In Markov Chain Monte Carlo procedures, the $B$ generated points will typically not be independent. By deterministic thinning (say selecting every tenth point) or random thinning (selecting one tenth of the points at random) one obtains a sample that is essentially iid. The sparseness of the thinning depends on the autocorrelation function (ACF) of $B$ points generated by the MCMC procedure. If random thinning is used the thinned sample size will be binomial with mean $B/10$.

In Monte Carlo integration, certain kinds of 'acceptance sampling' sample at random without a fixed sample size.

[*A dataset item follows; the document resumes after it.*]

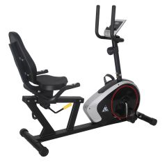 Велотренажер с удобной горизонтальной посадкой и бесшумной магнитной системой нагружения. Нагрузка имеет ручную регулировку с помощью ручки на стойке тренажера, 8 положений. Мягкое регулируемое сиденье с мягкой спинкой.

In certain kinds of 'cluster sampling' of, say, a human population, one may sample census tracts (clusters) at random and then sample households within tracts at random. One or both of the phases of sampling may be proportional rather than based on a fixed sample size. Similar schemes are used in sampling plants or animals. The main motivation here is that it is more convenient or efficient to sample within clusters than randomly across the entire population.

These are three examples that I have encountered personally. And there are others I have not mentioned. The difficulty is that the terminology seems to change depending on the type of application. Maybe if you google some of the phrases I have put in quotes, you will find exactly what you want.

I hope some of this is helpful. If not, perhaps you can be more specific about your application and the reason for selecting without a fixed sample size. Then perhaps I--or someone else--can give a more targeted answer.